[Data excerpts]
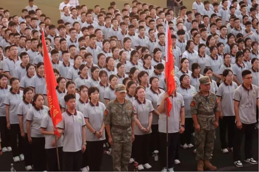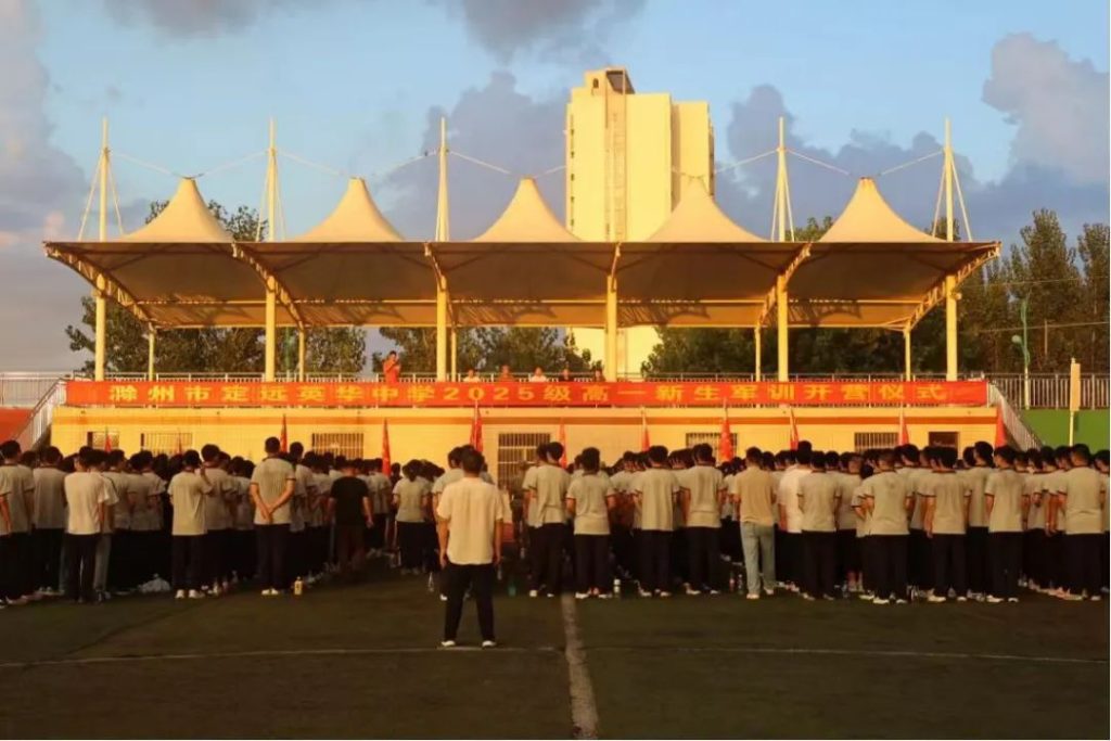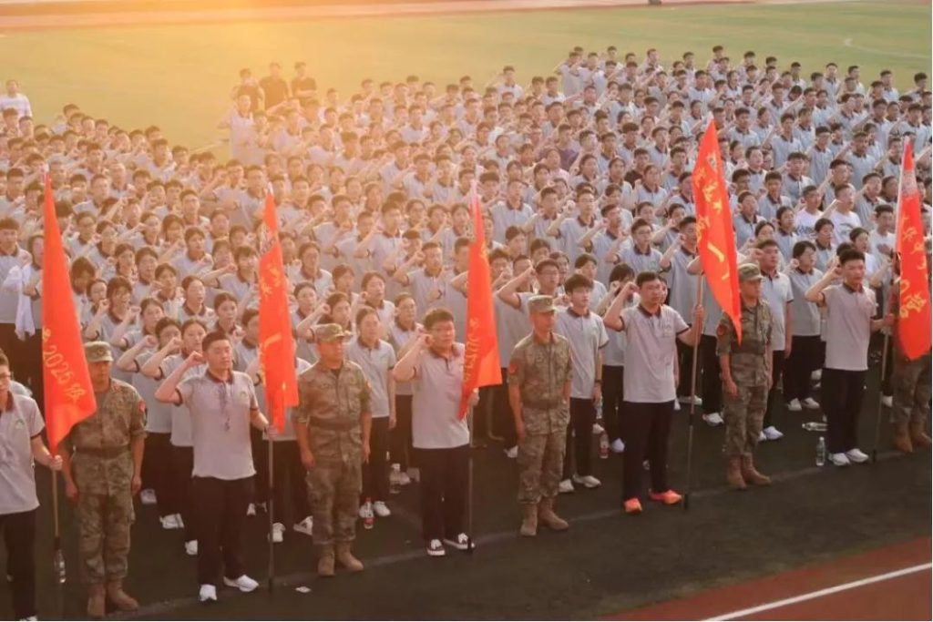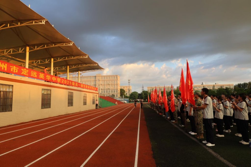 ~ 金秋送爽,军歌嘹亮。2025年8月15日下午,滁州市定远英华中学高中部2025级新生军训开营仪式在田径场隆重举行。朝气蓬勃的高一新生,怀揣着梦想与憧憬,身着校服,齐聚一堂,正式开启了高中生涯的第一课——军训。学校领导、承训教官及高一年级全体师生共同见证了这一庄严时刻。
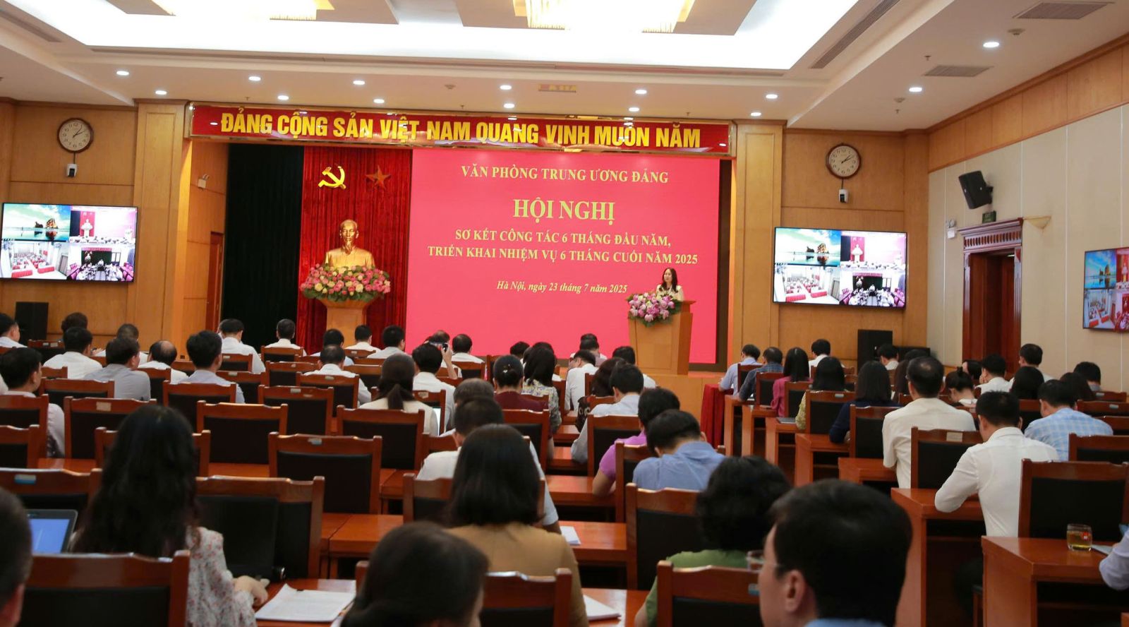 Báo cáo kết quả công tác 6 tháng đầu năm, nhiệm vụ công tác 6 tháng cuối năm 2025, Phó Chánh Văn phòng Thường trực Văn phòng Trung ương Đảng Lâm Thị Phương Thanh nêu rõ: 6 tháng đầu năm 2025, trong bối cảnh nhiều khó khăn, Văn phòng Trung ương Đảng đã chủ động, sáng tạo, nêu cao tinh thần trách nhiệm, hoàn thành khối lượng lớn công việc, phục vụ hiệu quả sự lãnh đạo, chỉ đạo của Ban Chấp hành Trung ương, Bộ Chính trị, Ban Bí thư và các đồng chí lãnh đạo chủ chốt.
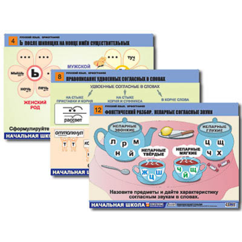Таблицы: 1. Правописание безударных гласных в корне слова. 2. Правописание парных согласных в корне слова. 3. Правописание непроизносимых согласных в корне слова. 4. Ь после шипящих на конце имён существительных. 5. Правописание разделительных Ъ и Ь. 6. Правописание –ТЬСЯ и –ТСЯ в глаголах. 7. Правописание Ь в окончаниях глаголов 2-го лица единственного числа. 8. Правописание удвоенных согласных в словах. 9. Правописание приставок и предлогов. 10. Правописание безударных падежных окончаний имён существительных. 11. Фонетический разбор. Йотированные буквы. 12. Фонетический разбор. Непарные согласные звуки. 13. Фонетический разбор слова. 14. Разбор слова по составу.
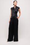 A silk ensemble in deep black, captivating with its fusion of classic style and subtle lustre. The short-sleeved wrap-front shirt with a delicate collar highlights the outfit’s refined, feminine character. Black silk trousers with a lustrous texture, fitted at the hips and flowing wide through the leg, lend the silhouette both lightness and sophisticated chic. An ideal choice for evening outings or elegant gatherings where comfort and timeless style are key.
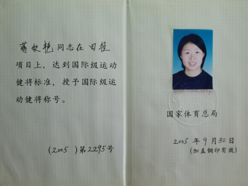 蒋秋艳,女,汉族,1983年出生,中共党员,硕士研究生,国际级运动健将,高级教练员,硕士生导师,2011年担任国家竞走少年队主教练,2017年担任国家竞走队助理教练,2019年成立中国竞走学校,被国家田径运动管理中心聘为中国竞走学校主教练。工作期间曾荣获2014年久久不卡区“勤恳治学好青年”荣誉称号;2016年久久不卡区“优秀共产党员”称号;2017年国家体育总局“全国体育事业突出贡献奖先进个人”荣誉称号;2018年久久不卡区“五四西体好青年”称号;2018年国家体育总局“双百教练员”等荣誉称号;2020年陕西省第八届“好青年”称号。
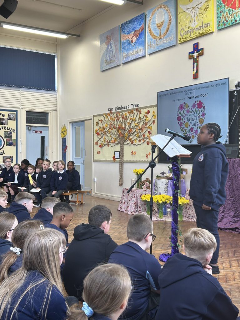 On Thursday, Year 5 led a prayer and liturgy to celebrate Pentecost. It was attended by their grown ups and the Key Stage 2 classes. They did an excellent job at organising the event: designing invitations, creating a perfect gathering, enacting the Fruits of the Spirit, choosing the song, writing a prayer and encouraging grown ups to choose their own path for spiritual growth in the Holy Spirit.
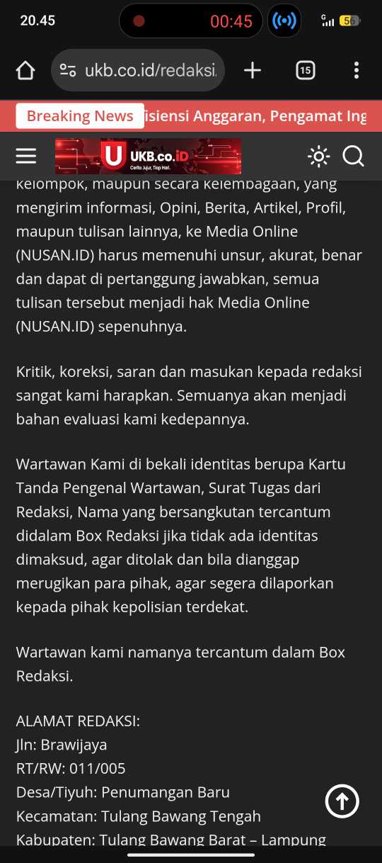 SUDUT INDONESIA.ID – Bandar Lampung, 30 Desember 2025. Media daring UKB.Co.Id diduga telah melakukan penggunaan kotak redaksi (box redaksi) yang tidak jelas penandaan serta penayangan berita tanpa izin dari sumber asli, berdasarkan pantauan dan laporan yang diterima.
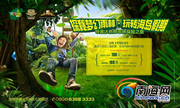 7月25日起,呀諾達雨林文化旅游區將在雨林自主探索較為成熟的基礎上挖掘個性玩法,以“網紅打卡+游戲互動”為核心路線串聯景區各大景觀點,通過跳躍天空之境、氣球的高空之旅、雨林障礙攀巖、猜猜我是什么水果、顛球大作戰、趣味知識小百科等系列活動帶領游客探秘夢幻雨林、玩轉海島假期。游客集齊“榮耀勛章”參與現場抽獎,即有機會成為暑期大贏家,活動獎項分別為一等獎1名,獲贈雙人往返三亞機票(最高金額7000元);二等獎2名,獲贈華為P30pro手機1臺;三等獎3名,獲贈呀諾達雨林一號酒店客房1房晚、景區所有項目體驗1份;四等獎5名,獲贈價值606元的雨林玩家套票兩張。
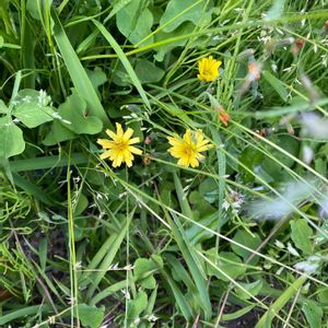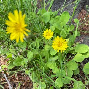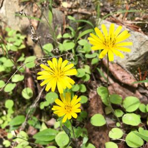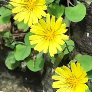 ジシバリ(イワニガナ)少し上地域への山道脇に咲いてました。 🌱キク科ニガナ属。多年草。花期4〜6月 🌱名の由来は、細長い茎が地面を這いながらところどころに根を下ろす様子が地面を縛るように見えるからとの事^ ^
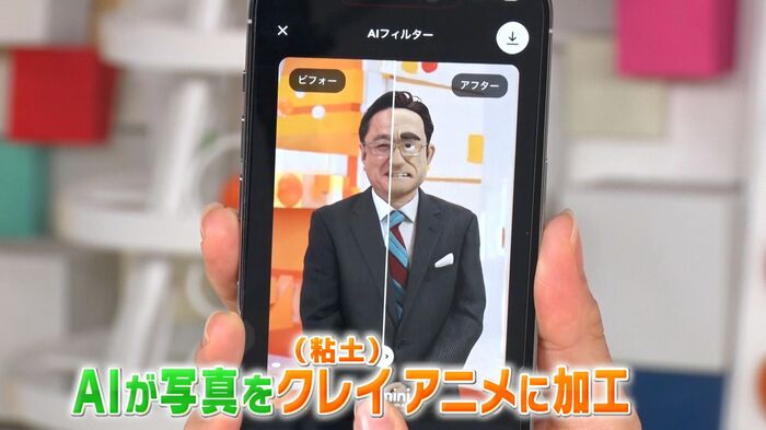 街でインタビューすると「(写真が)普通じゃないから面白い」「なかなかない加工になって、いい味が出る」「“ひつじのショーン”みたいになる」との意見を集めた、粘土加工アプリ「Remini」。
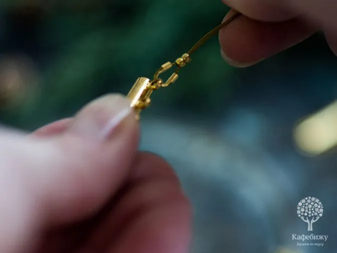 • 3. Далее отмеряем два отрезка тросика по длине цепочки +10 см
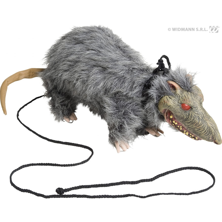 Faux rat effrayant, en laisse, de couleur noire et grise avec yeux rouges. Cet accessoire mesure 68 centimètres de long. Avec cet animal de compagnie atypique, vous attirerez le regard de votre entourage à coup sûr!
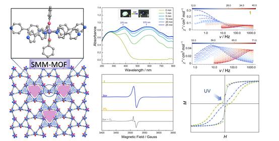 针对上述问题,必赢唯一官方网站韩甜副教授(丁书江教授团队)联合南开大学程鹏教授,通过分子工程策略,采用光敏配体桥联与轴向强场配体协同调控,实现了高性能五角双锥构型Dy(III)单分子磁体在二维金属有机框架中的精准组装,并构建了Dy(III)离子易磁化轴的空间垂直有序阵列。该材料展现出卓越的磁学性能:磁翻转能垒超过1000 K,2 K时矫顽场达4500 Oe,创下了单分子磁体-金属有机框架体系的新记录。更为重要的是,该材料在室温条件下可通过紫外光诱导的电子转移过程产生稳定自由基,不仅表现出显著的光致变色现象,更实现了对磁弛豫动力学的有效调控,构建了光控磁双稳态开关系统。这项研究为开发具有分子级有序阵列的光响应磁性材料提供了新思路,对分子基光磁存储器件的创新发展具有重要意义。
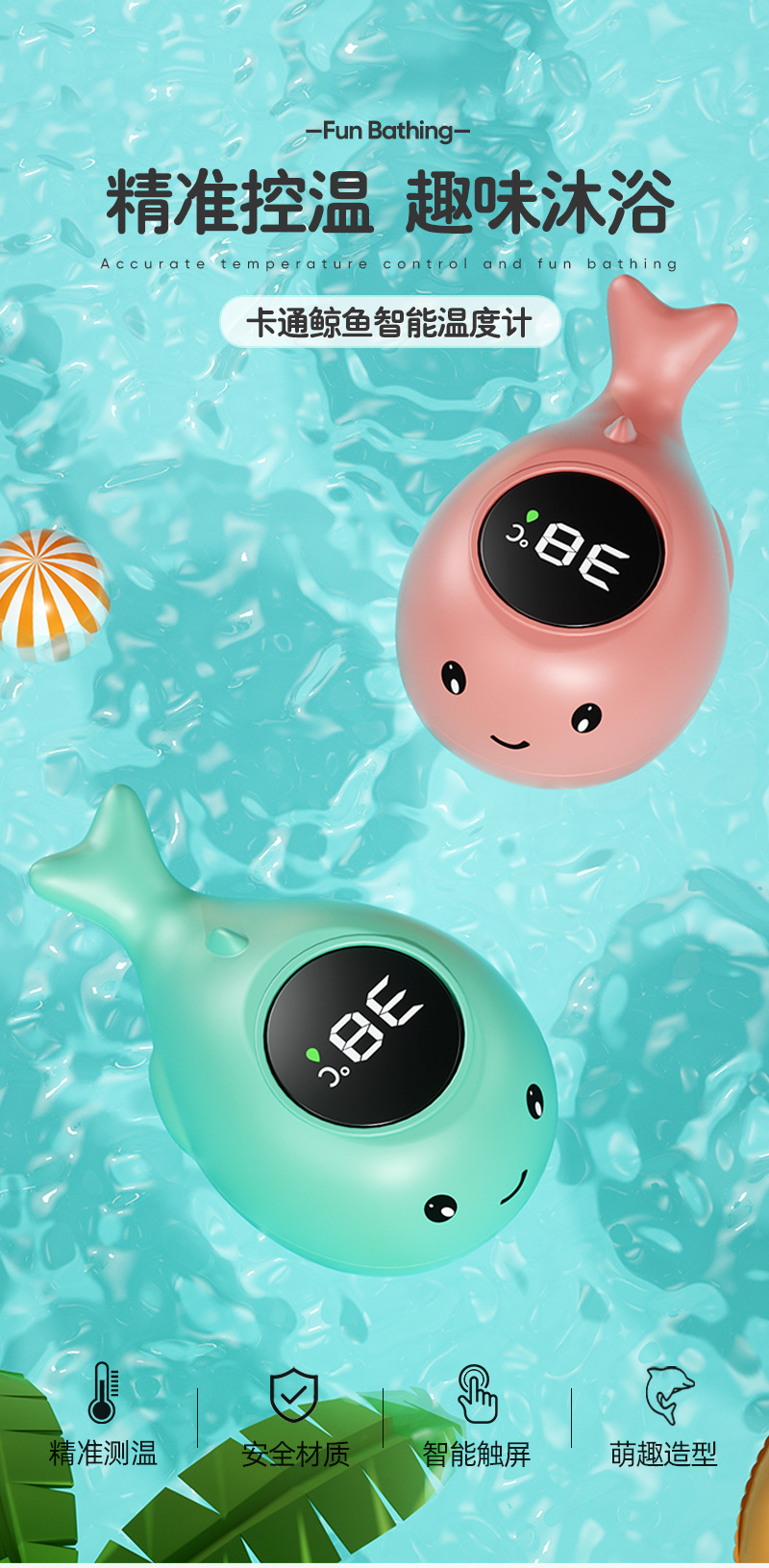 电子水温计鲸鱼绿色(1-90度) ¥2450 9999个可售
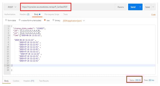 To test whether the GPS data of the STB successfully transmitted to the background server, a test is performed through the third-party software Postman, as shown in Figure 26. The test data are put in the JSON format, and a request URL is sent to the by POST. The transmission result is displayed in the lower right. The status code is 200, which means the transmission is successful and the server-side receiver functions normally.
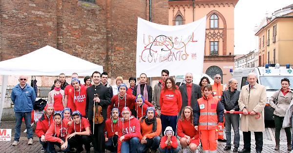CREMONA - Un flash mob per sensibilizzare sul tema della sclerosi multipla. Questa mattina piazza del Comune si è animata di tanti ragazzi vestiti di rosso in occasione dell’iniziativa organizzata dall’Aism (Associazione Italiana Sclerosi Multipla). Nel corso dell’evento il maestro Fedeli ha suonato uno dei pezzi pregiati della liuteria locale: lo Stradivari Ex Adam 1726.

> Assigned task: Output the entries exactly as they appear, with no pictures included.

> Task answer:
 ~ 金秋送爽,军歌嘹亮。2025年8月15日下午,滁州市定远英华中学高中部2025级新生军训开营仪式在田径场隆重举行。朝气蓬勃的高一新生,怀揣着梦想与憧憬,身着校服,齐聚一堂,正式开启了高中生涯的第一课——军训。学校领导、承训教官及高一年级全体师生共同见证了这一庄严时刻。
 Báo cáo kết quả công tác 6 tháng đầu năm, nhiệm vụ công tác 6 tháng cuối năm 2025, Phó Chánh Văn phòng Thường trực Văn phòng Trung ương Đảng Lâm Thị Phương Thanh nêu rõ: 6 tháng đầu năm 2025, trong bối cảnh nhiều khó khăn, Văn phòng Trung ương Đảng đã chủ động, sáng tạo, nêu cao tinh thần trách nhiệm, hoàn thành khối lượng lớn công việc, phục vụ hiệu quả sự lãnh đạo, chỉ đạo của Ban Chấp hành Trung ương, Bộ Chính trị, Ban Bí thư và các đồng chí lãnh đạo chủ chốt.
Таблицы: 1. Правописание безударных гласных в корне слова. 2. Правописание парных согласных в корне слова. 3. Правописание непроизносимых согласных в корне слова. 4. Ь после шипящих на конце имён существительных. 5. Правописание разделительных Ъ и Ь. 6. Правописание –ТЬСЯ и –ТСЯ в глаголах. 7. Правописание Ь в окончаниях глаголов 2-го лица единственного числа. 8. Правописание удвоенных согласных в словах. 9. Правописание приставок и предлогов. 10. Правописание безударных падежных окончаний имён существительных. 11. Фонетический разбор. Йотированные буквы. 12. Фонетический разбор. Непарные согласные звуки. 13. Фонетический разбор слова. 14. Разбор слова по составу.
 A silk ensemble in deep black, captivating with its fusion of classic style and subtle lustre. The short-sleeved wrap-front shirt with a delicate collar highlights the outfit’s refined, feminine character. Black silk trousers with a lustrous texture, fitted at the hips and flowing wide through the leg, lend the silhouette both lightness and sophisticated chic. An ideal choice for evening outings or elegant gatherings where comfort and timeless style are key.
 蒋秋艳,女,汉族,1983年出生,中共党员,硕士研究生,国际级运动健将,高级教练员,硕士生导师,2011年担任国家竞走少年队主教练,2017年担任国家竞走队助理教练,2019年成立中国竞走学校,被国家田径运动管理中心聘为中国竞走学校主教练。工作期间曾荣获2014年久久不卡区“勤恳治学好青年”荣誉称号;2016年久久不卡区“优秀共产党员”称号;2017年国家体育总局“全国体育事业突出贡献奖先进个人”荣誉称号;2018年久久不卡区“五四西体好青年”称号;2018年国家体育总局“双百教练员”等荣誉称号;2020年陕西省第八届“好青年”称号。
 On Thursday, Year 5 led a prayer and liturgy to celebrate Pentecost. It was attended by their grown ups and the Key Stage 2 classes. They did an excellent job at organising the event: designing invitations, creating a perfect gathering, enacting the Fruits of the Spirit, choosing the song, writing a prayer and encouraging grown ups to choose their own path for spiritual growth in the Holy Spirit.
 SUDUT INDONESIA.ID – Bandar Lampung, 30 Desember 2025. Media daring UKB.Co.Id diduga telah melakukan penggunaan kotak redaksi (box redaksi) yang tidak jelas penandaan serta penayangan berita tanpa izin dari sumber asli, berdasarkan pantauan dan laporan yang diterima.
 7月25日起,呀諾達雨林文化旅游區將在雨林自主探索較為成熟的基礎上挖掘個性玩法,以“網紅打卡+游戲互動”為核心路線串聯景區各大景觀點,通過跳躍天空之境、氣球的高空之旅、雨林障礙攀巖、猜猜我是什么水果、顛球大作戰、趣味知識小百科等系列活動帶領游客探秘夢幻雨林、玩轉海島假期。游客集齊“榮耀勛章”參與現場抽獎,即有機會成為暑期大贏家,活動獎項分別為一等獎1名,獲贈雙人往返三亞機票(最高金額7000元);二等獎2名,獲贈華為P30pro手機1臺;三等獎3名,獲贈呀諾達雨林一號酒店客房1房晚、景區所有項目體驗1份;四等獎5名,獲贈價值606元的雨林玩家套票兩張。
 ジシバリ(イワニガナ)少し上地域への山道脇に咲いてました。 🌱キク科ニガナ属。多年草。花期4〜6月 🌱名の由来は、細長い茎が地面を這いながらところどころに根を下ろす様子が地面を縛るように見えるからとの事^ ^
 街でインタビューすると「(写真が)普通じゃないから面白い」「なかなかない加工になって、いい味が出る」「“ひつじのショーン”みたいになる」との意見を集めた、粘土加工アプリ「Remini」。
 • 3. Далее отмеряем два отрезка тросика по длине цепочки +10 см
 Faux rat effrayant, en laisse, de couleur noire et grise avec yeux rouges. Cet accessoire mesure 68 centimètres de long. Avec cet animal de compagnie atypique, vous attirerez le regard de votre entourage à coup sûr!
 针对上述问题,必赢唯一官方网站韩甜副教授(丁书江教授团队)联合南开大学程鹏教授,通过分子工程策略,采用光敏配体桥联与轴向强场配体协同调控,实现了高性能五角双锥构型Dy(III)单分子磁体在二维金属有机框架中的精准组装,并构建了Dy(III)离子易磁化轴的空间垂直有序阵列。该材料展现出卓越的磁学性能:磁翻转能垒超过1000 K,2 K时矫顽场达4500 Oe,创下了单分子磁体-金属有机框架体系的新记录。更为重要的是,该材料在室温条件下可通过紫外光诱导的电子转移过程产生稳定自由基,不仅表现出显著的光致变色现象,更实现了对磁弛豫动力学的有效调控,构建了光控磁双稳态开关系统。这项研究为开发具有分子级有序阵列的光响应磁性材料提供了新思路,对分子基光磁存储器件的创新发展具有重要意义。
 电子水温计鲸鱼绿色(1-90度) ¥2450 9999个可售
 To test whether the GPS data of the STB successfully transmitted to the background server, a test is performed through the third-party software Postman, as shown in Figure 26. The test data are put in the JSON format, and a request URL is sent to the by POST. The transmission result is displayed in the lower right. The status code is 200, which means the transmission is successful and the server-side receiver functions normally.
CREMONA - Un flash mob per sensibilizzare sul tema della sclerosi multipla. Questa mattina piazza del Comune si è animata di tanti ragazzi vestiti di rosso in occasione dell’iniziativa organizzata dall’Aism (Associazione Italiana Sclerosi Multipla). Nel corso dell’evento il maestro Fedeli ha suonato uno dei pezzi pregiati della liuteria locale: lo Stradivari Ex Adam 1726.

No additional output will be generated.